# Hymer 660 oil filter removal?!



## Bonafide (Jan 5, 2014)

Is it just me, or is the oil filter on my 660s in an impossible position to actually get at to remove and replace? I've tried from the front, the back, the top and the bottom! I assume I'm looking at the right thing...it seems to be up behind the rad. Help please! Thanks.


----------



## davesport (Nov 12, 2006)

There's probably a specific tool to fit. Can you post a picture of the filter ?


----------



## Bonafide (Jan 5, 2014)

Don't seem to be able to get a pic on with the iPad. The problem is less about the tool, and more about actually being able to get anywhere near the filter in the first place!

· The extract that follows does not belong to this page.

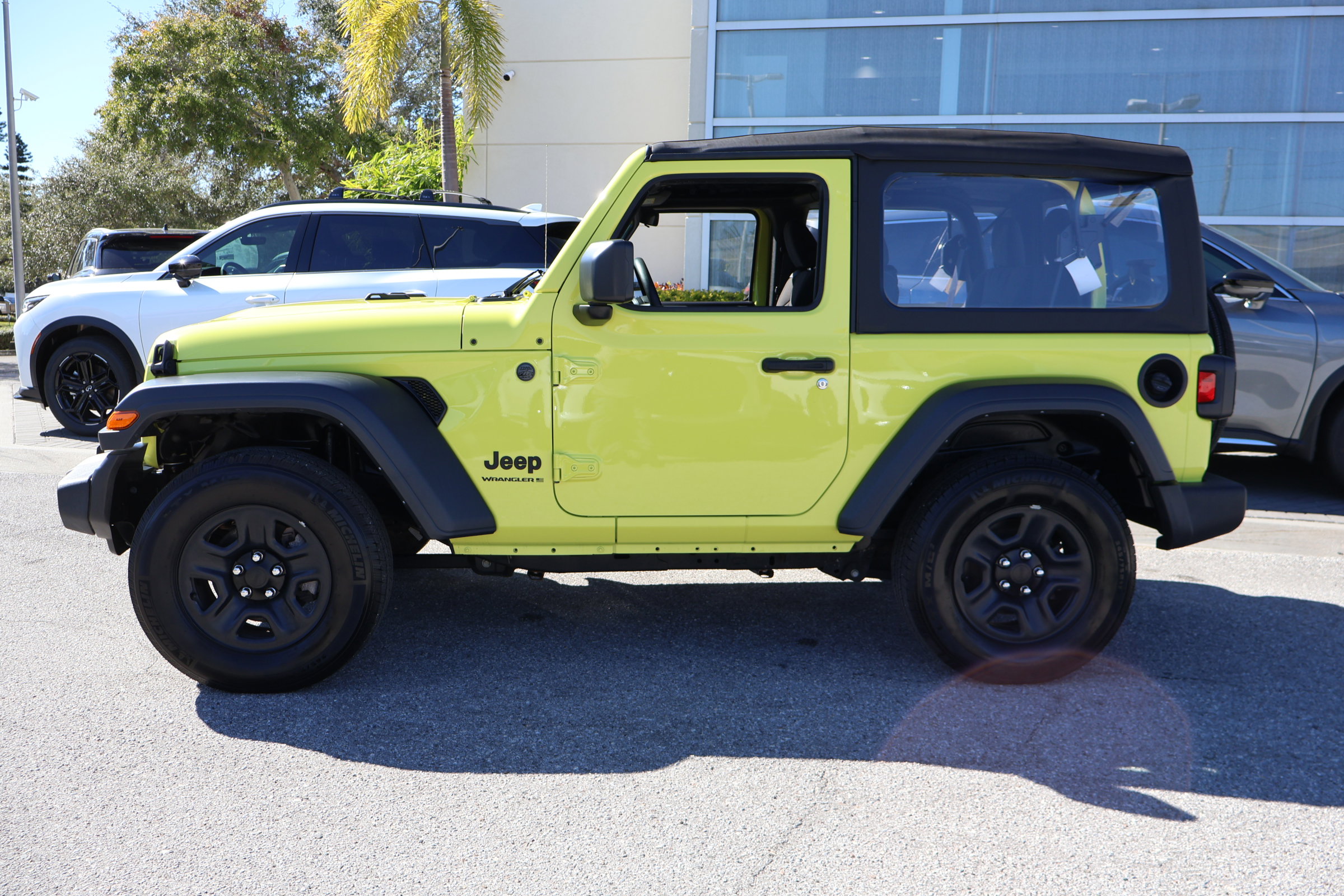 Turn heads and embrace the spirit of adventure with this vibrant High Velocity Clearcoat 2023 Jeep Wrangler Sport. This eye-catching yellow SUV is the ultimate symbol of fun and freedom, perfect for exploring the beaches of Clearwater or hitting the off-road trails. As a one-owner vehicle with a clean history and no damage, it has been exceptionally well-cared for and arrives with all its original records, books, and keys. Under the hood, you will find the legendary 3.6L V6 engine, a true workhorse that provides 285 horsepower for a confident and capable drive. This Wrangler features a smooth 8-speed automatic transmission and a specialized anti-spin differential rear axle, which helps you maintain traction on slippery or uneven surfaces. Whether you are driving through a summer rainstorm or navigating sandy paths, the Four-Wheel Drive system is ready to keep you moving forward. The interior of this Sport model is designed to be both functional and connected. You can easily link your smartphone using Apple CarPlay or Android Auto, allowing you to access your favorite music and maps through the Uconnect 7-inch touchscreen. Steering wheel mounted audio controls and integrated voice command with Bluetooth ensure that you can keep your hands on the wheel and your focus on the road while staying entertained. Safety and convenience are key parts of the Wrangler experience. The ParkView rear back-up camera provides a clear view of what is behind you, making parking and reversing a breeze. The cabin also features integrated roll-over protection and multiple airbags for your peace of mind. For those who enjoy extra utility, this Jeep includes front fog lights for better visibility and a 170-amp alternator to power all your favorite adventure accessories. At INFINITI of Clearwater, we love offering vehicles that bring a little extra excitement to your life. This 2023 Jeep Wrangler is a recent arrival that stands out not just for its bold color, but for its rugged reliability. We invite you to come see this high-energy SUV in person and experience the open-air freedom that only a Jeep can provide. Our team is here to make your purchase simple, straightforward, and fun.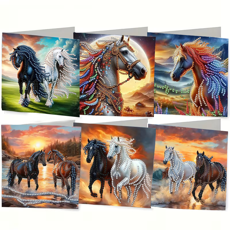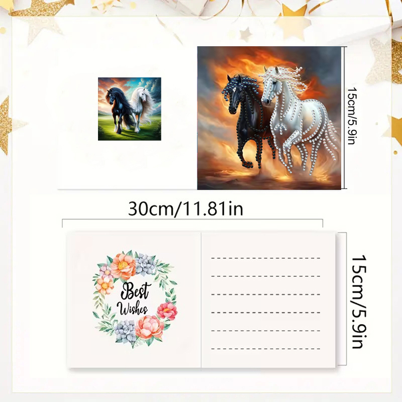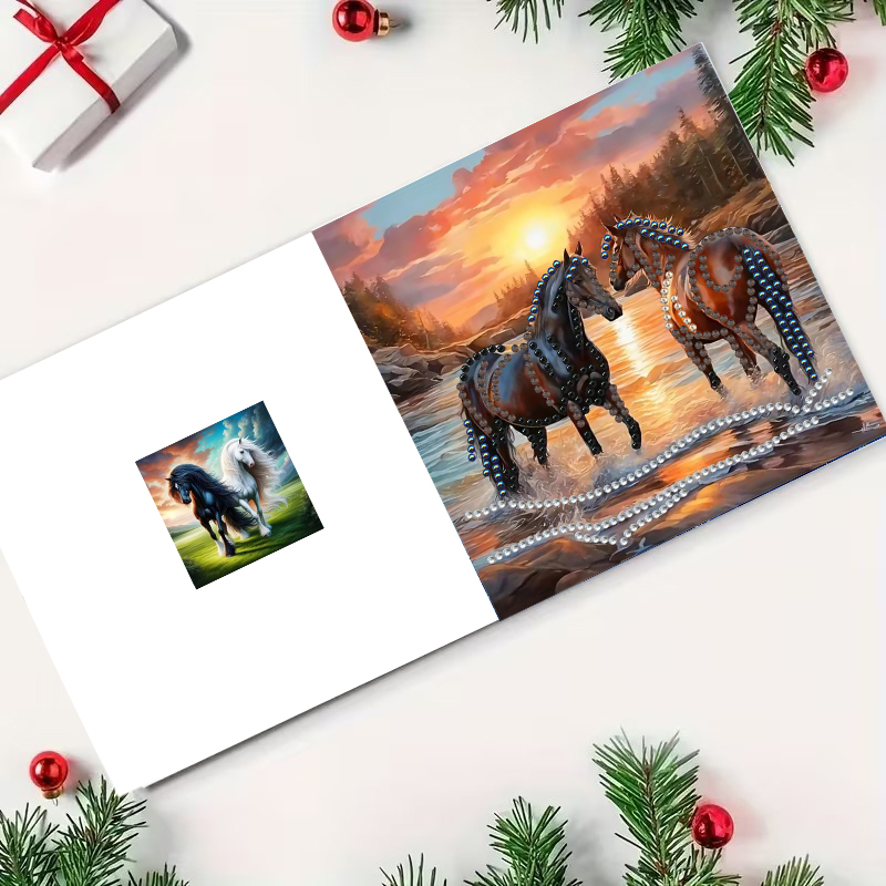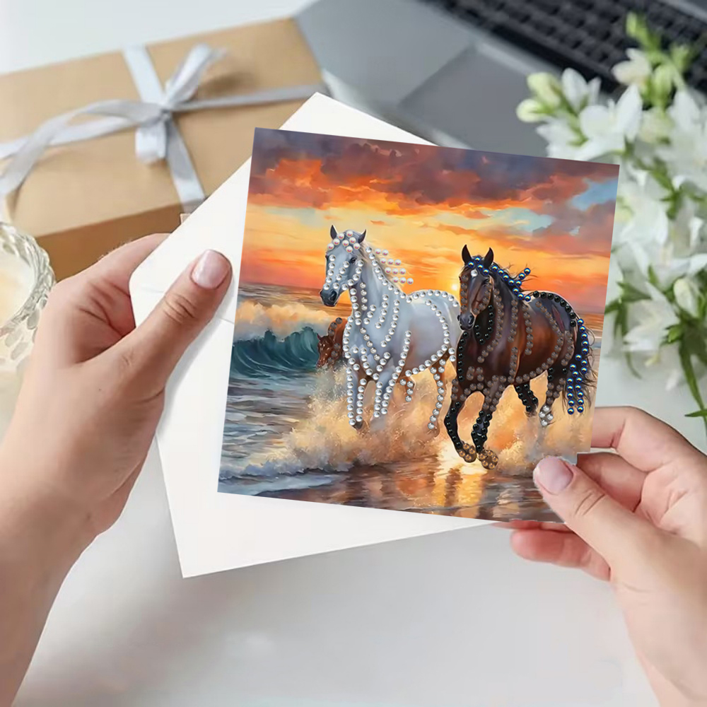 DIY Diamond Painting Kit Birthday Card Kit, Unique Animal And Horse Pattern Design, Water Diamond Diamond Painting Art Mosaic Postcards, Festival Cards Perfect For Families, Friends, And Lovers, Handm

It's tucked up in a totally inaccessible spot as far as I can see.[/img]


----------



## Chausson (Oct 17, 2006)

Hi
I have the 316 that has a special tool to get it off and rather difficult to boot however, I have my son whom is a mechanic so I don't have to get my hands dirty unfortunately.


Ron


----------



## Bonafide (Jan 5, 2014)

Sorry...it's an early '88 merc model with the 3ltr 5cyl lump.[/img]


----------



## Bonafide (Jan 5, 2014)

Sorted! Turns out I was looking at the fuel filter, which looks just like an oil filter! The oil filter is underneath next to the gearbox, and nice and easy to get to. Still plan on doing the fuel filter, but I can just about reach it from the inside of the cab at full stretch.


----------